I am taking an online statistics course and I understand how to calculate the necessary sample size for a hypothesis test.
I am using an online calculator like http://www.evanmiller.org/ab-testing/sample-size.html or python like this https://stackoverflow.com/questions/15204070/is-there-a-python-scipy-function-to-determine-parameters-needed-to-obtain-a-ta
From what I understand, this gives me the minimum sample size for each group - control and treatment.
However, if I am designing a test and I have a total sample size of 30,000; how do I calculate how large the control vs. the treatment group should be.
I understand that the treatment group needs to be the minimum sample size I calculated before and I am reading that generally the 50/50 split leads to the highest statistical power, but how can I show this with a calculation. I have been googling it unsuccessfully, so even a link to the correct approach would be greatly appreciated.

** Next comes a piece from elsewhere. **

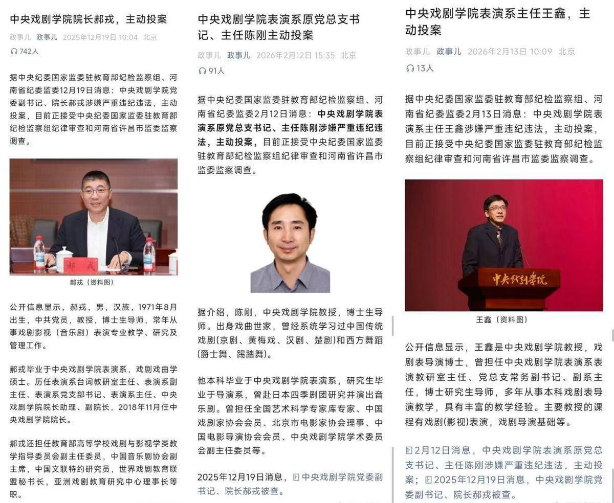 此前,2025年12月19日,中央戏剧学院党委副布告、院长郝戎涉嫌严重违法犯警,已主动投案;而2月12日,中央戏剧学院饰演系原党总支布告、主任陈刚涉嫌严重违法犯警,也已主动投案。

This is the closest I found https://janhove.github.io/design/2015/11/02/unequal-sample-sized, but I wasn't able to extract the correct formula.
I found this helpful cross-validated answer Is a large control sample better than a balanced sample size when the treatment group is small? ; but I am still unsure how to calculate the best ratio between control and treatment group if I have a given total sample size. (or how to prove that the 50/50 split has the highest statistical power)
I also found this great answer Treatment and Control group, the sample size, but it applies to a different industry. The hypothesis test I am designing is in the industry of online user behavior psychology.
Thank you very much in advance for any hint in the right direction (even just the correct terminology I can search for).